Cognitive behavioural therapy (CBT) is a psychosocial treatment that aims to re-mediate distressing emotional experiences or dysfunctional behaviour by changing the way in which a person interprets and evaluates the experience or cognates on its consequence and meaning. This approach helps to link the person's feelings and patterns of thinking which underpin distress. CBT is now recommended by the National Institute for Health and Care Excellence (NICE) as an add-on treatment for people with a diagnosis of schizophrenia. This review is also part of a family of Cochrane CBT reviews for people with schizophrenia.
To assess the effects of cognitive behavioural therapy added to standard care compared with standard care alone for people with schizophrenia.

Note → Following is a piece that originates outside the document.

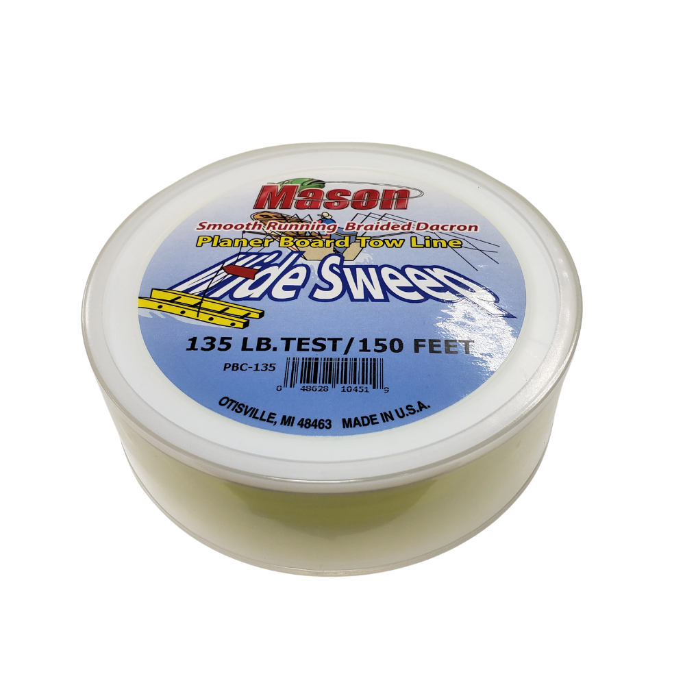 "WIDE SWEEP" Planer Board Tow Line. Made of high visibility fluorescent braided dacron line. This line is low stretch, abrasion resistant and resists water absorption!

We searched the Cochrane Schizophrenia Group's Trials Register (up to March 6, 2017). This register is compiled by systematic searches of major resources (including AMED, BIOSIS CINAHL, Embase, MEDLINE, PsycINFO, PubMed, and registries of clinical trials) and their monthly updates, handsearches, grey literature, and conference proceedings, with no language, date, document type, or publication status limitations for inclusion of records into the register.
We selected all randomised controlled clinical trials (RCTs) involving people diagnosed with schizophrenia or related disorders, which compared adding CBT to standard care with standard care given alone. Outcomes of interest included relapse, rehospitalisation, mental state, adverse events, social functioning, quality of life, and satisfaction with treatment.We included studies fulfilling the predefined inclusion criteria and reporting useable data.
We complied with the Cochrane recommended standard of conduct for data screening and collection. Where possible, we calculated relative risk (RR) and its 95% confidence interval (CI) for binary data and mean difference (MD) and its 95% confidence interval for continuous data. We assessed risk of bias for included studies and created a 'Summary of findings' table using GRADE.
This review now includes 60 trials with 5,992 participants, all comparing CBT added to standard care with standard care alone. Results for the main outcomes of interest (all long term) showed no clear difference between CBT and standard care for relapse (RR 0.78, 95% CI 0.61 to 1.00; participants = 1538; studies = 13, low-quality evidence). Two trials reported global state improvement. More participants in the CBT groups showed clinically important improvement in global state (RR 0.57, 95% CI 0.39 to 0.84; participants = 82; studies = 2 , very low-quality evidence). Five trials reported mental state improvement. No differences in mental state improvement were observed (RR 0.81, 95% CI 0.65 to 1.02; participants = 501; studies = 5, very low-quality evidence). In terms of safety, adding CBT to standard care may reduce the risk of having an adverse event (RR 0.44, 95% CI 0.27 to 0.72; participants = 146; studies = 2, very low-quality evidence) but appears to have no effect on long-term social functioning (MD 0.56, 95% CI -2.64 to 3.76; participants = 295; studies = 2, very low-quality evidence, nor on long-term quality of life (MD -3.60, 95% CI -11.32 to 4.12; participants = 71; study = 1, very low-quality evidence). It also has no effect on long-term satisfaction with treatment (measured as 'leaving the study early') (RR 0.93, 95% CI 0.77 to 1.12; participants = 1945; studies = 19, moderate-quality evidence).